However, this obsession with concepts such as general artificial intelligence raises critical concerns. As noted by Bender and Hanna, the pursuit of "identifying general intelligence is inherently racist and ableist to its core." Beyond these immediate concerns about intelligence measurement, the obsession with algorithmic systems of optimization and control has deeper historical roots in colonial practices.
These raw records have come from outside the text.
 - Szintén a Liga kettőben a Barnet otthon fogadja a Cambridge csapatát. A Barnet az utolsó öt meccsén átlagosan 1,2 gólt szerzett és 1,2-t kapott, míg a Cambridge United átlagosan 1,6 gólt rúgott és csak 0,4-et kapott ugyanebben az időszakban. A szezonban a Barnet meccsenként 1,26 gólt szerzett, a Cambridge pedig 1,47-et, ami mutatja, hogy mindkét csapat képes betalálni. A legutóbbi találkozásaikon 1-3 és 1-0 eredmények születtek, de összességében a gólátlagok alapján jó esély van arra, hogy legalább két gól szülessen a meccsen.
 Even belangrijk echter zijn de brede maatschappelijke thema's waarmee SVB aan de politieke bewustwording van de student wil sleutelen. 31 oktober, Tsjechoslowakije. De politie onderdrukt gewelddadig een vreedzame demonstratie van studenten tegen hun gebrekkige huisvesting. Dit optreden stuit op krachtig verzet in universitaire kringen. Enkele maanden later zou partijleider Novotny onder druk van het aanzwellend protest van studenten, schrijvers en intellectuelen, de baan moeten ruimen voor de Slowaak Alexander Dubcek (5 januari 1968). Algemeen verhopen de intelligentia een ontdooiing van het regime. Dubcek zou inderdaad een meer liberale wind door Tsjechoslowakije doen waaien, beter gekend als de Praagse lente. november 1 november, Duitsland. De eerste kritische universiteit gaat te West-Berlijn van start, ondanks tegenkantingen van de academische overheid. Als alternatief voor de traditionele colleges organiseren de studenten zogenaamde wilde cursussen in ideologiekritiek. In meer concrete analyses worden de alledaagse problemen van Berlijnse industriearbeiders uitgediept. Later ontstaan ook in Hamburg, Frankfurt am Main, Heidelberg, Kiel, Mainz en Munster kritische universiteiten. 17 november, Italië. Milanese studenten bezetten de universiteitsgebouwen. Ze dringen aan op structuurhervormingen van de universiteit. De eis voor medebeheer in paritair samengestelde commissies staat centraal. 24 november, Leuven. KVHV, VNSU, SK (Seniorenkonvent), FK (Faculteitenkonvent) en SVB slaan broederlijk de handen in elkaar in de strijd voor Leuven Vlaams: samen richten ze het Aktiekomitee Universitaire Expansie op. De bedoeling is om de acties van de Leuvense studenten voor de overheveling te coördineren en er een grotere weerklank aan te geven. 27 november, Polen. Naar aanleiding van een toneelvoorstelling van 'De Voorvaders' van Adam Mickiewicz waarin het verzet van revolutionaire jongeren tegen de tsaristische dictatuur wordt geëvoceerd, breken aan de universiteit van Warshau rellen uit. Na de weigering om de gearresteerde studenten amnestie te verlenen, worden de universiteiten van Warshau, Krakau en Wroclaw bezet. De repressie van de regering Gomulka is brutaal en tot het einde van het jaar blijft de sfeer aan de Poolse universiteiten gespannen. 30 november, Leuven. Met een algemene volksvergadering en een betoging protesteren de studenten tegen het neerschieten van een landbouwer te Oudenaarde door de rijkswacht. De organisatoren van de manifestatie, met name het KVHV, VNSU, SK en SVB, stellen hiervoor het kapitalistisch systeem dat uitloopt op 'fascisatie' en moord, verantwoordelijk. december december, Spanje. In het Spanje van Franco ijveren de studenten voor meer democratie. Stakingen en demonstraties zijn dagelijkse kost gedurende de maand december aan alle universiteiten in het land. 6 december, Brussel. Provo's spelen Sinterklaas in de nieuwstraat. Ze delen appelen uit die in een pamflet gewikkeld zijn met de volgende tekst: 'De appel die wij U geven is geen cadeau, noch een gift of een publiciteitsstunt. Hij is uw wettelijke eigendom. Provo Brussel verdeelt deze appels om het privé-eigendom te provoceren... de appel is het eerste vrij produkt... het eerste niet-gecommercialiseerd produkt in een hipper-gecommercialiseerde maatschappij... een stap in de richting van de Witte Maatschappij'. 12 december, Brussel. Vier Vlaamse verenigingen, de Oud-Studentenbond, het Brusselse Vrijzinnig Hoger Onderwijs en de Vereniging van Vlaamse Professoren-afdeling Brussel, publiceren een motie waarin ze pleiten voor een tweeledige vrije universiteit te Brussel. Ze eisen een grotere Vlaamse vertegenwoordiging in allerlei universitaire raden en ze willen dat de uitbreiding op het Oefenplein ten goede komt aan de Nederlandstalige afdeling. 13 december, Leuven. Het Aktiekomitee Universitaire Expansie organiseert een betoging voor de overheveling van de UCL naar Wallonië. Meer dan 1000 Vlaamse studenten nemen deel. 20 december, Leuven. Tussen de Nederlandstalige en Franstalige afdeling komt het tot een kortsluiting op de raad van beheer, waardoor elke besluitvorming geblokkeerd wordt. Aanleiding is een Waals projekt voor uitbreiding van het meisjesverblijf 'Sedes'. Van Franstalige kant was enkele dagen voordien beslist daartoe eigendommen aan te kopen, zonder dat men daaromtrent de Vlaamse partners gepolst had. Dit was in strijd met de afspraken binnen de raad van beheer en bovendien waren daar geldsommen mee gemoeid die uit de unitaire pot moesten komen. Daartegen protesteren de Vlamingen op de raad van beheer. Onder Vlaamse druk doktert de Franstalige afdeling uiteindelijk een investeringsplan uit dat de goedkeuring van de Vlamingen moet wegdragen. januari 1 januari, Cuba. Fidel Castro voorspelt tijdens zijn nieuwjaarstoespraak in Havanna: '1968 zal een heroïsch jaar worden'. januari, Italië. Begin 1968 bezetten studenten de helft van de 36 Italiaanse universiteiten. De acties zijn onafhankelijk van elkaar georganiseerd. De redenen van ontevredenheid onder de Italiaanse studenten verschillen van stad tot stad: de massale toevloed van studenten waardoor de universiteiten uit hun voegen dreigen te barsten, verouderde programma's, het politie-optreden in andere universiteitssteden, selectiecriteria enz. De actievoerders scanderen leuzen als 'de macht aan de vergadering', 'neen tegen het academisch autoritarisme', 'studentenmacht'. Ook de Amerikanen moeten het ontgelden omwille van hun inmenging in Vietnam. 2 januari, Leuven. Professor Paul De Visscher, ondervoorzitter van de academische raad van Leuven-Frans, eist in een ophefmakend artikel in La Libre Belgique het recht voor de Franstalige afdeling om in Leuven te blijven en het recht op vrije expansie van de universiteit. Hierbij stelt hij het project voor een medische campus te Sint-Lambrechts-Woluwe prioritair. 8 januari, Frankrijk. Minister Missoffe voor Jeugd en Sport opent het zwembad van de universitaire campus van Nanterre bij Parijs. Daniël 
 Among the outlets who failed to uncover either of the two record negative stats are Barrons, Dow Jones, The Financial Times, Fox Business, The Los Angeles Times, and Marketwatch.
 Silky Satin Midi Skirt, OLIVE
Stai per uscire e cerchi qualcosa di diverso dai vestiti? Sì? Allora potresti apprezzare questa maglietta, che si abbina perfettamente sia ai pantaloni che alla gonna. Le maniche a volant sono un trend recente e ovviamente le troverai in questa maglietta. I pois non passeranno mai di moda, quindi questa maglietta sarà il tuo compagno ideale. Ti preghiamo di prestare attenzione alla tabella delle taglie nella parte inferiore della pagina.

Scholar Nelly Y. Pinkrah's analysis reveals that contemporary mechanic language systems (MLS), operate through what she terms "structures of optimization" that collapse "ambiguity into predictability" and "opacity into legibility." This computational logic, she argues, represents not a break from colonial history but rather "a recursion, a refinement of its logics into digital infrastructures." ^[19]

When the Hutter Prize frames compression as a marker of intelligence, it reveals a fundamental misunderstanding of what intelligence actually entails. True intelligence might lie in the opposite direction: the ability to generate new possibilities, embrace ambiguity, and create meaning in contexts that resist reduction. When LLMs compress 60 TB of human expression into 32 GB, they don't just lose "redundant" information, they systematically eliminate cultural forms of knowledge that exist outside statistical norms.
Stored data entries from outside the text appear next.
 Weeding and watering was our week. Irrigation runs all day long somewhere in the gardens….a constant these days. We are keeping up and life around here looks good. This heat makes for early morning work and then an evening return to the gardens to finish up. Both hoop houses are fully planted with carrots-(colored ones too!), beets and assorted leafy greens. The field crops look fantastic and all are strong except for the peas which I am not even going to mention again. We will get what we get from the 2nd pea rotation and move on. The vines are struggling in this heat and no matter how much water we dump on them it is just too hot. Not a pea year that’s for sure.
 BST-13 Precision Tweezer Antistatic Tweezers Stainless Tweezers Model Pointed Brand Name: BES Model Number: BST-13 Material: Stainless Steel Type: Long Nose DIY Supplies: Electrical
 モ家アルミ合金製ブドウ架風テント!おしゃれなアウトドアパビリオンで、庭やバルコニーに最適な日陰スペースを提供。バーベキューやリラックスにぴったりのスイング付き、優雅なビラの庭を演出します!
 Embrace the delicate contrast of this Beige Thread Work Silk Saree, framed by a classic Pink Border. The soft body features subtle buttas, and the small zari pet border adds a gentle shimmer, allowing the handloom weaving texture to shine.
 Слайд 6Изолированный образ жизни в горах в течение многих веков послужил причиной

This compression process doesn't just lose random information, it systematically eliminates anything that doesn't serve the optimization function. Information that doesn't help with next-token prediction gets deprioritized, creating a system of governance that puts statistical frequency equal importance or value.
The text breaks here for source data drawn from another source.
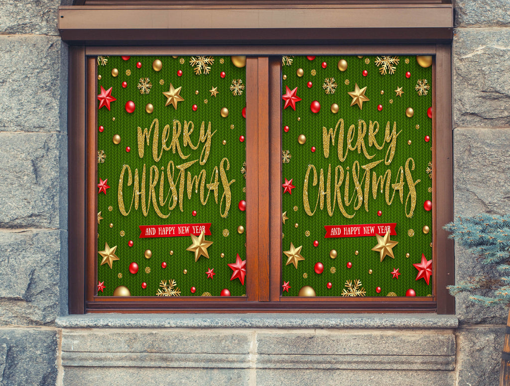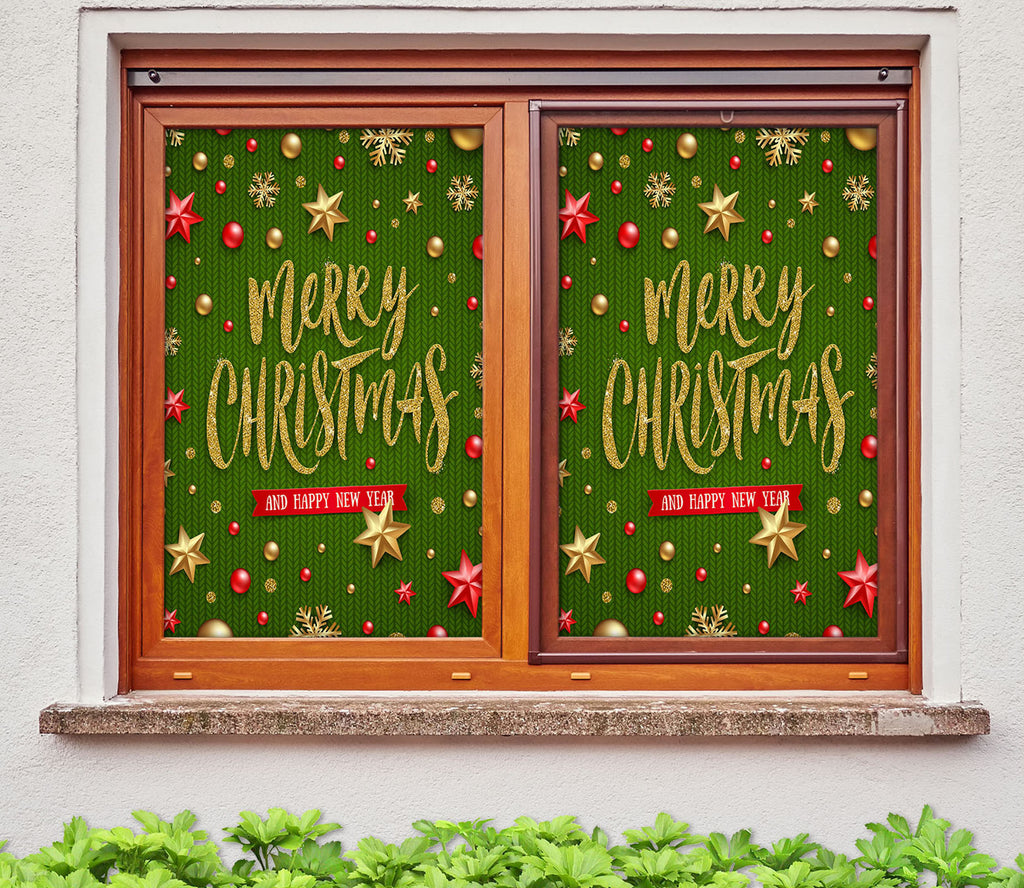 3D Merry Christmas 43121 Christmas Window Film Print Sticker Cling Stained Glass Xmas
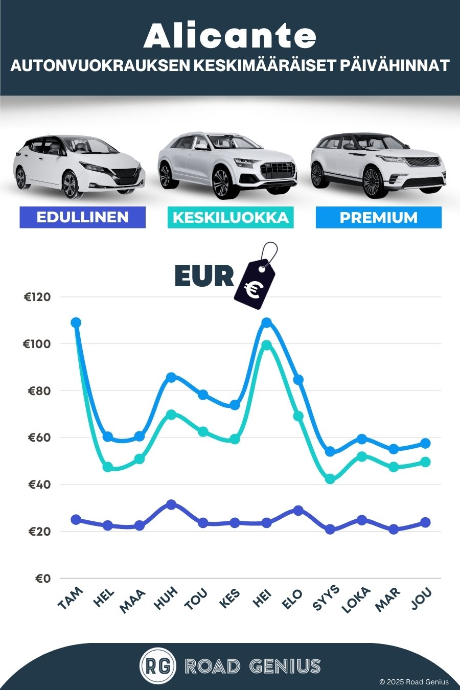 Keskimäärin autonvuokraus kohteessa Alicante maksaa noin €54 päivässä, ja halvimmat vuokraukset ovat saatavilla alkaen €21 päivässä.
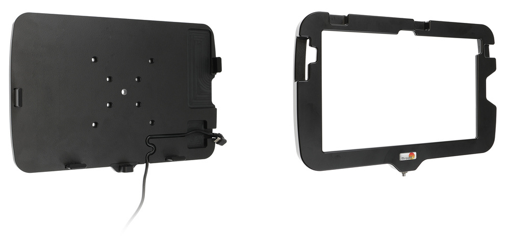 Ten uchwyt został zaprojektowany z myślą o ochronie tabletu, jednocześnie umożliwiając łatwy dostęp do urządzenia. Doskonale sprawdza się w sklepach, na wystawach i w innych miejscach, gdzie korzystanie z tabletu nie wymaga częstego wyjmowania. Uchwyt wykonany jest z niezwykle trwałego tworzywa sztucznego i posiada zamek, do którego dołączone są dwa klucze. Aby wyjąć tablet, konieczne jest użycie jednego z nich. Dodatkowo, w zestawie znajduje się kabel zasilający oraz adapter do gniazdka, co zapewnia stałe ładowanie urządzenia i gotowość do pracy.
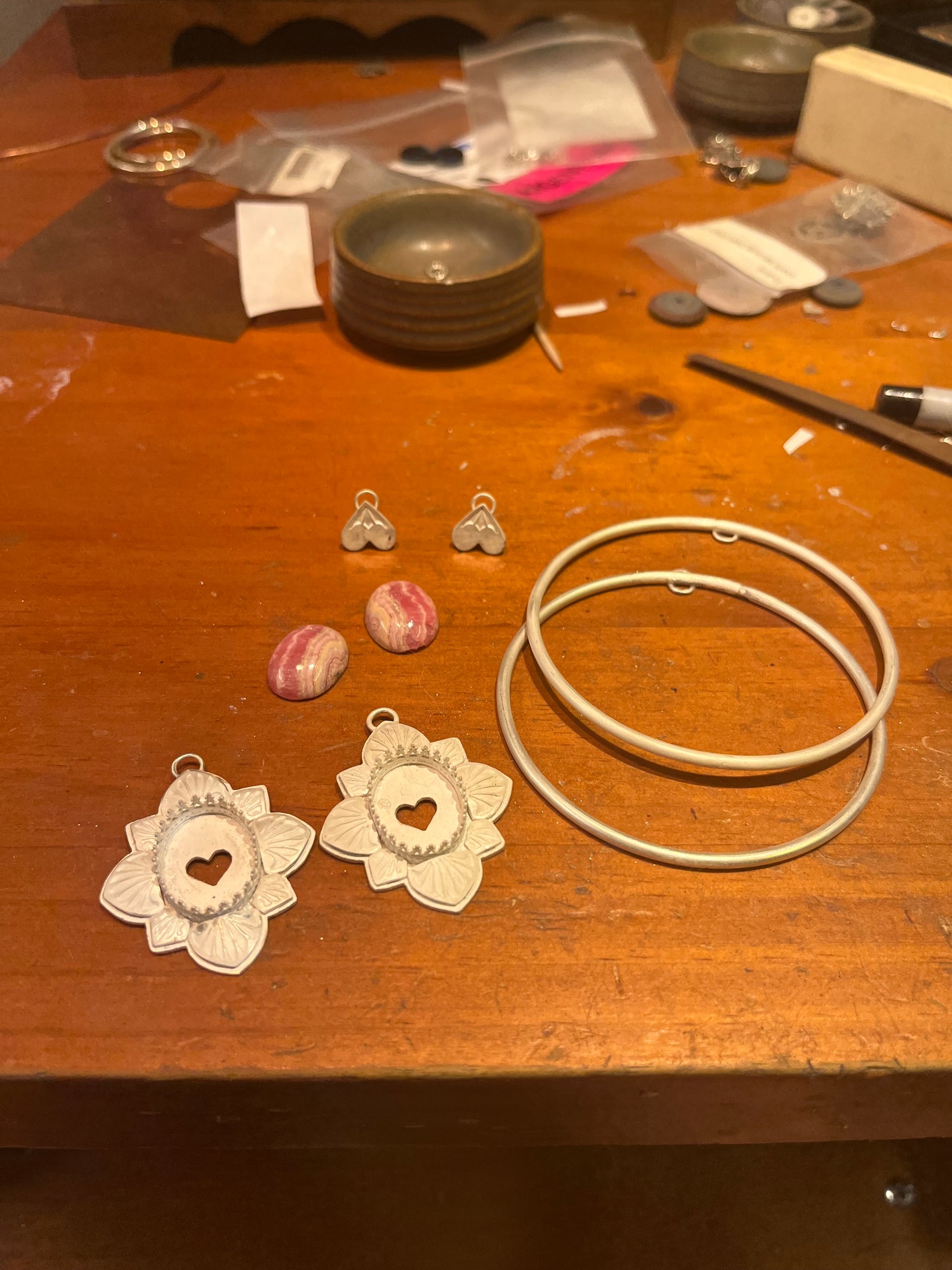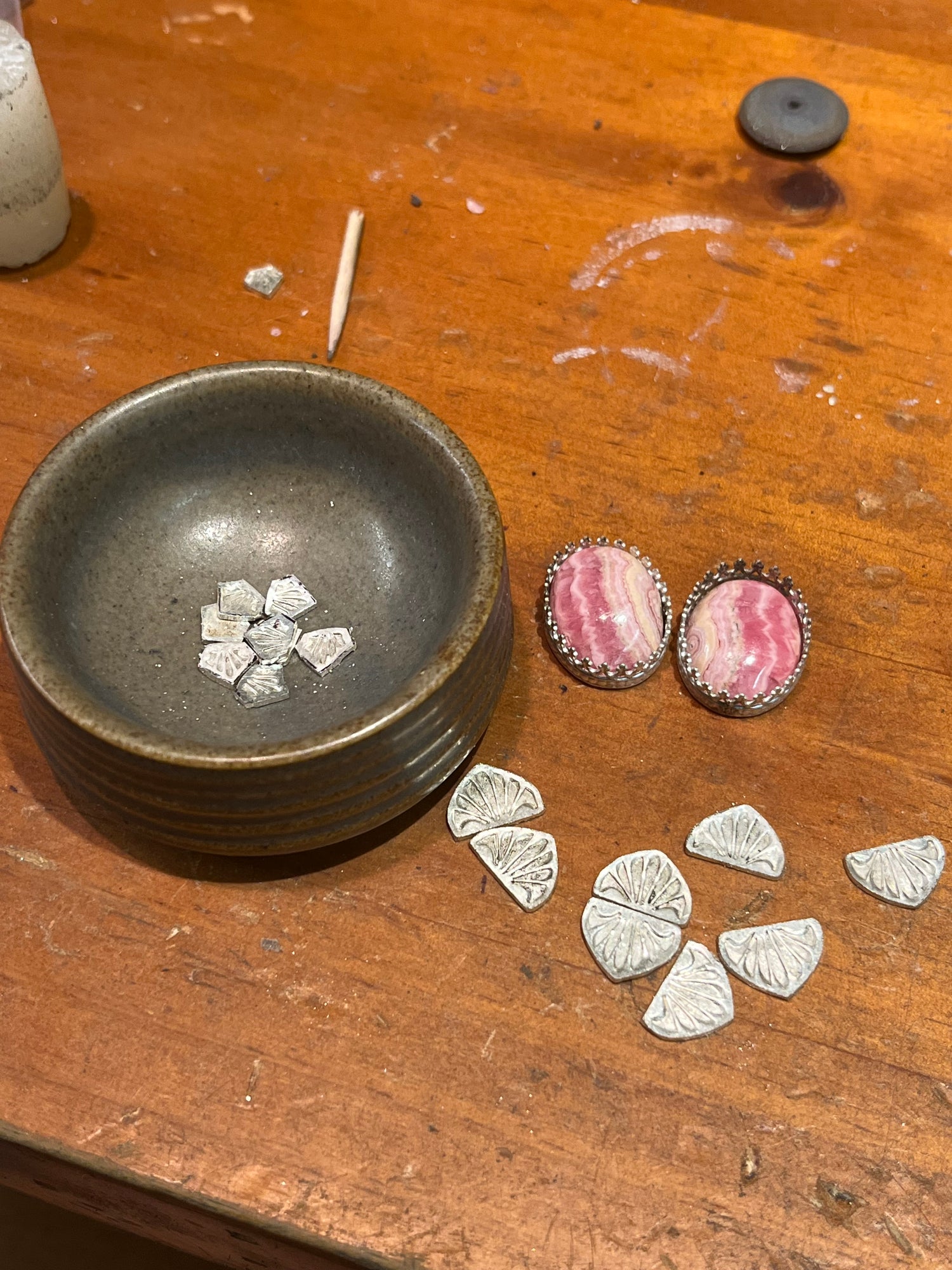 The building blocks of the design are then hand-sawn, stamped, filed, domed, and soldered accordingly

Complex human ambivalence gets compressed into clear preferences. Genuine disagreement gets compressed into polite engagement. What emerges are essentially conversational templates: predictable patterns of interaction that feel natural but actually constrain expression within statistically optimized boundaries.

Engagement Aesthetics

Building on this understanding of compression as behavioral optimization, we propose that in contemporary conversational large language applications, this lossy but 'good enough' statistical predictability is further enhanced by two factors: first, the chat-based interface itself, and second, linguistic tricks of continuation and aesthetics of engagement, which are already encoded into the optimization of prediction through human feedback processes. This combination of factors also exerts a dual influence. First, they create the illusion of genuine conversation; second, they keep users engaged with the platform. The manifestation and effect of this condition will be further elaborated in the following paragraphs.

ChatGPT can be considered the fastest-growing platform in the history of the internet. In the first two months after its release in 2022, it attracted around 100 million users. ^[20]

According to the MIT Technology Review, developers involved in the creation of ChatGPT revealed that this success was largely based on improved dialogue capabilities paired with a chat interface that made the interaction far more accessible. As they stated, the same model, GPT-3.5, which underlies ChatGPT, had been available for almost a year as an API but didn't gain popularity until it was wrapped in an interface that was "more aligned with what humans want to do with it." ^[21]

In 2023, researcher Matúš Pikuliak from the Kempelen Institute of Intelligent Technologies conducted a comprehensive survey of ChatGPT's performance compared to existing AI models. His analysis of 141 research articles found that ChatGPT only outperformed known models in 22.5 percent of comparisons, indicating that GPT-3 and even older NLP models often demonstrated comparable capabilities. Pikuliak's findings also revealed that ChatGPT's performance was even frequently surpassed by significantly smaller, specialized models, and in some cases, it failed to exceed even simple bag-of-words approaches. ^[22] He attributed ChatGPT's widespread recognition not to superior performance, but to its user interface, noting that "GPT-3 or even the older NLP models often have comparable capabilities, but ChatGPT got all the media attention". ^[23]

Matúš Pikuliak: Performance comparison of ChatGPT, GPT-3.5, and fine-tuned models across 20 reasoning and NLP tasks↪

Did OpenAI pull off a clever use of an advanced, carefully designed version of the ELIZA effect? The ELIZA effect is widely known as the tendency to project human-like intelligence onto computer programs that have a textual interface. Since the definition of "having a textual interface" is imprecise, we specify that this interface must possess a conversational affordance. It was the illusion of conversation that caused ELIZA to be perceived as intelligent, whereas no one would be deceived by intelligence in the text-based interface of T9's next character prediction or spelling suggestions. The deception may be more related to the conversational nature of a system than its ability to accurately predict the next word.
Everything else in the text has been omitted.